— WORK TO BE COMPLETED —
Transcribe only the lines of the listing below from the one holding "Комплектность: эпидермис листа" through the one holding "Gegen 17 Uhr", inclusive, without any change.

— DATA TO EXAMINE —
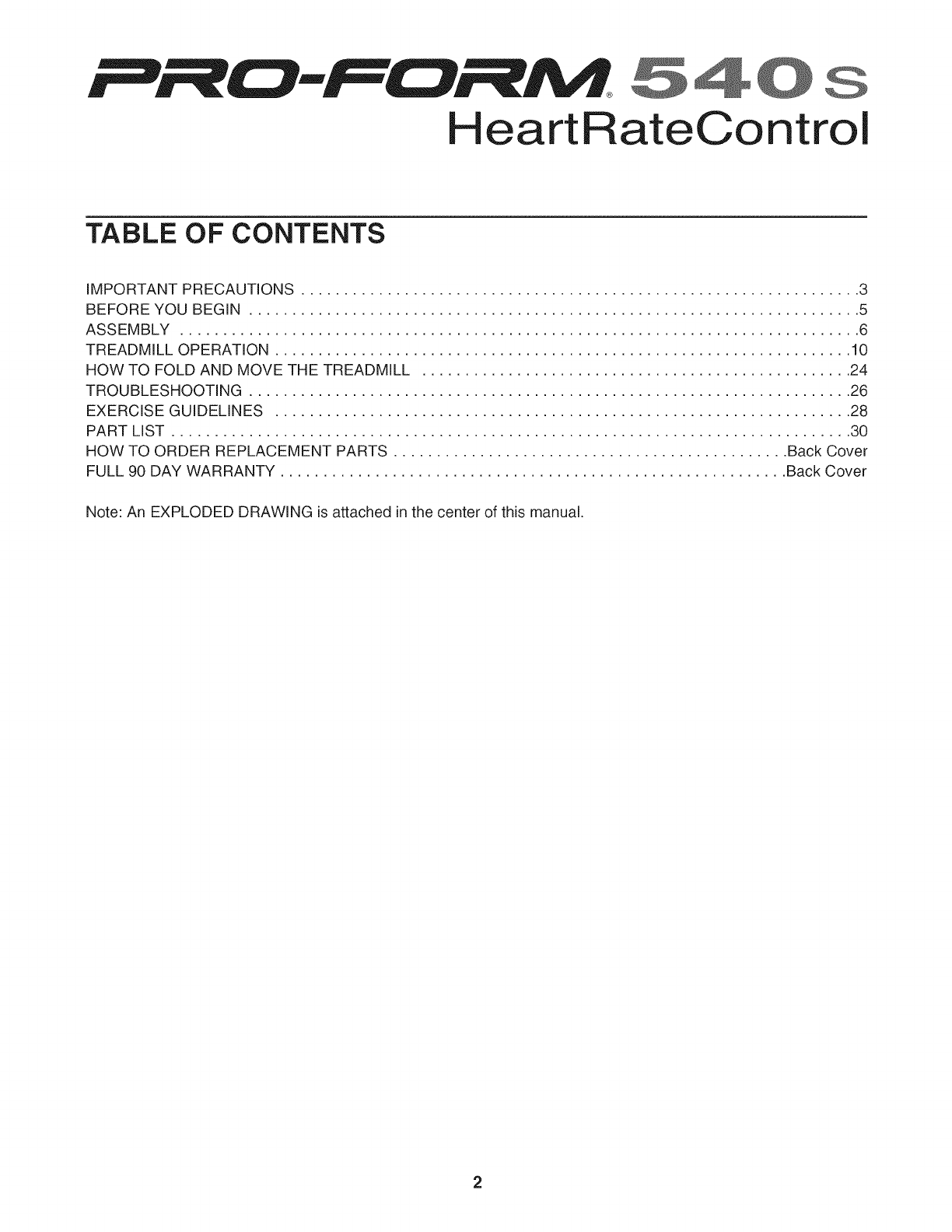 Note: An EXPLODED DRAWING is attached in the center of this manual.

* * *

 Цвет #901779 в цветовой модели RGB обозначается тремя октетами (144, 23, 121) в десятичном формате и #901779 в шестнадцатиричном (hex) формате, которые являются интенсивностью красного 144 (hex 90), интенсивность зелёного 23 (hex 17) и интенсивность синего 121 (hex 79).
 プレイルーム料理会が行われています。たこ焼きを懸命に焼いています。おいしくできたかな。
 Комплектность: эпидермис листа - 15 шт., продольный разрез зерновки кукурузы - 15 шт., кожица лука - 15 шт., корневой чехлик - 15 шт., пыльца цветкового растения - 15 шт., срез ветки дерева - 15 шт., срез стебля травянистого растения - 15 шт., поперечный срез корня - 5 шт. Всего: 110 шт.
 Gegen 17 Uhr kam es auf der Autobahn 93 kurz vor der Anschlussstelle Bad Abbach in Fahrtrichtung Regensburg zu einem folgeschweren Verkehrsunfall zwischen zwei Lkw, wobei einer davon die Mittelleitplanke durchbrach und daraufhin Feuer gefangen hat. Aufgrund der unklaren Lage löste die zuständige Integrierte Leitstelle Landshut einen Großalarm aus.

— REPLY TO THE EXERCISE —
 Комплектность: эпидермис листа - 15 шт., продольный разрез зерновки кукурузы - 15 шт., кожица лука - 15 шт., корневой чехлик - 15 шт., пыльца цветкового растения - 15 шт., срез ветки дерева - 15 шт., срез стебля травянистого растения - 15 шт., поперечный срез корня - 5 шт. Всего: 110 шт.
 Gegen 17 Uhr kam es auf der Autobahn 93 kurz vor der Anschlussstelle Bad Abbach in Fahrtrichtung Regensburg zu einem folgeschweren Verkehrsunfall zwischen zwei Lkw, wobei einer davon die Mittelleitplanke durchbrach und daraufhin Feuer gefangen hat. Aufgrund der unklaren Lage löste die zuständige Integrierte Leitstelle Landshut einen Großalarm aus.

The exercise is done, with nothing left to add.